Dave A. Randolph, a Tennessee prisoner proceeding pro se, appeals a district court order dismissing, under the authority of 28 U.S.C. § 1915A, his civil rights complaint filed pursuant to 42 U.S.C. §§ 1983, 1985, and 1986. This case has been referred to a panel of the court pursuant to Rule 34(j)(l), Rules of the Sixth Circuit. Upon examination, this panel unanimously agrees that oral argument is not needed. Fed. R.App. P. 34(a).
Seeking declaratory, injunctive, and monetary relief, Randolph filed a complaint against fifteen officials employed in various capacities by the Tennessee Department of Corrections. Randolph challenged his prolonged detention in administrative segregation. Randolph was initially placed in segregation on November 6, 1998, pending an investigation regarding an inmate-on-inmate assault in which Randolph was allegedly involved. On November 13, 1998, Randolph was informed that his placement in administrative segregation would be indefinite. Since his placement in segregation, Randolph has received monthly reviews of his confinement by an administrative segregation review panel. Each review panel has recommended Randolph’s continued placement in segregation. According to Randolph, as long as he remains in administrative segregation, he is unable to earn sentence reduction credits or meet the parole board.

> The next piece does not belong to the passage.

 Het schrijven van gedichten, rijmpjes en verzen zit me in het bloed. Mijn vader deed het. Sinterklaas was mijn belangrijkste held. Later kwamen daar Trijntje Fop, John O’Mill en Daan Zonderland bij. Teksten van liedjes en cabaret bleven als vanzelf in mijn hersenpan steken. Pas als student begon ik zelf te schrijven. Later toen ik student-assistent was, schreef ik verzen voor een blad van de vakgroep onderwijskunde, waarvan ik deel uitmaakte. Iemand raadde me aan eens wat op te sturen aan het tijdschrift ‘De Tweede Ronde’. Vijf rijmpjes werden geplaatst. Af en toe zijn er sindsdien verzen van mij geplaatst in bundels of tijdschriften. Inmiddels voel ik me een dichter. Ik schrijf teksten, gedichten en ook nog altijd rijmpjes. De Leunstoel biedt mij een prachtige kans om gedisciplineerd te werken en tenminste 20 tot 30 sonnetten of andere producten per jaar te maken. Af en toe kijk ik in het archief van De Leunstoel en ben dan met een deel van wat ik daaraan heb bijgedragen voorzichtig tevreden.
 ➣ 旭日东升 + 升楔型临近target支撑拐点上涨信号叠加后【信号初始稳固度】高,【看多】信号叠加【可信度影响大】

The district court dismissed Randolph’s complaint for failure to state a claim upon which relief may be granted. Randolph’s motion to vacate the order of dismissal was subsequently denied. Randolph appeals. He requests the appointment of counsel.

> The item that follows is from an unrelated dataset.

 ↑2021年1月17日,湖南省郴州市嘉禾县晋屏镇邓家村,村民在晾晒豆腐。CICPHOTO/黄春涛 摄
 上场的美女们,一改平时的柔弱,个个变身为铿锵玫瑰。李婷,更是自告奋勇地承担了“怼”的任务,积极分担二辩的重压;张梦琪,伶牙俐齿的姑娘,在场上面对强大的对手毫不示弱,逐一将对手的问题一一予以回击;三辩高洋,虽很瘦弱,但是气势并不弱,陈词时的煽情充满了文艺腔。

We review de novo an order dismissing a suit for failure to state a claim upon which relief may be granted under § 1915A(b). Brown v. Bargery, 207 F.3d 863, 867 (6th Cir.2000). Section 1915A requires district courts to screen cases at the moment of filing and to sua sponte dismiss those that fail to state a claim upon which relief may be granted. 28 U.S.C. § 1915A(a) and (b). The screening procedures established by § 1915A apply whether the plaintiff has paid the entire filing fee or is proceeding in forma pauper-is. McGore v. Wrigglesworth, 114 F.3d 601, 608 (6th Cir.1997).

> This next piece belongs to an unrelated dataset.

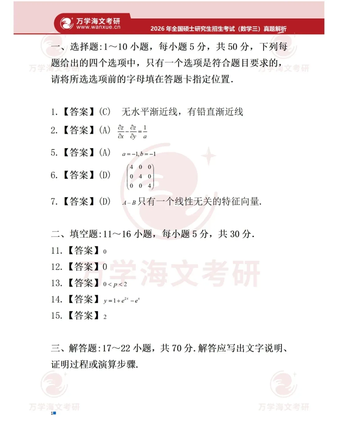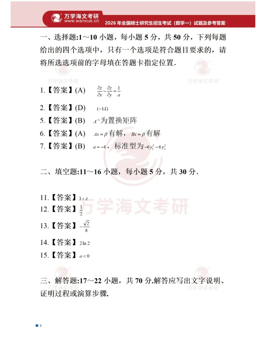 2026考研初试今天正式结束了,祝大家一战成硕!都能考上自己心仪的大学!这我给大家整理了参考答案:

Upon review, we conclude that the district court properly dismissed Randolph’s complaint, as it fails to state a claim for relief. See Brown, 207 F.3d at 867. Randolph lacks a liberty interest sufficient to implicate the Due Process Clause. Randolph does not have an inherent constitutional right to remain free of disciplinary confinement during his incarceration. See Sandin v. Conner, 515 U.S. 472, 484-86, 115 S.Ct. 2293, 132 L.Ed.2d 418 (1995).
The fact that the administrative segregation placement may have a negative implication on Randolph’s opportunity to earn sentence reduction credits and meet the parole board is a collateral consequence of Randolph’s placement in administrative segregation that is insufficient to create a liberty interest. See Sandin, 515 U.S. at 487, 115 S.Ct. 2293; Luken v. Scott, 71 F.3d 192, 193 (5th Cir.1995). The mere presence of a parole system and the possibility of parole do not create a liberty interest protected by the Due Process Clause. Bd. of Pardons v. Allen, 482 U.S. 369, 373, 107 S.Ct. 2415, 96 L.Ed.2d 303 (1987). Furthermore, Tennessee law does not create a liberty interest in parole. Tenn.Code Ann. § 40-35-503 (Lexis Publishing 2000); Wright v. Trammell, 810 *264F.2d 589, 590-91 (6th Cir.1987). Since Randolph’s allegations do not give rise to a due process violation, he cannot state a claim under § 1983. See Flagg Bros. v. Brooks, 436 U.S. 149, 155-56, 98 S.Ct. 1729, 56 L.Ed.2d 185 (1978).
The district court also properly dismissed Randolph’s § 1985(3) and § 1986 claims. In order to establish a cause of action under § 1985(3), a plaintiff must show that the named defendants were involved in misconduct that was motivated by “some racial, or perhaps otherwise class-based, invidiously discriminatory animus.” Bartell v. Lohiser, 215 F.3d 550, 559-60 (6th Cir.2000) (quoting United Bhd. of Carpenters & Joiners of Am., Local 610 v. Scott, 463 U.S. 825, 829, 103 S.Ct. 3352, 77 L.Ed.2d 1049 (1983)). Randolph’s complaint contained no factual allegations that the defendants’ alleged actions were based upon his race. Since the § 1985 claim was dismissed, Randolph’s § 1986 claim was also properly dismissed, as a § 1986 claim is dependent upon a § 1985 claim. See Haverstick Enters., Inc. v. Fin. Fed. Credit, Inc., 32 F.3d 989, 994 (6th Cir.1994).
Accordingly, the motion for appointment of counsel is denied and the district court’s order is affirmed. Rule 34(j)(2)(C), Rules of the Sixth Circuit.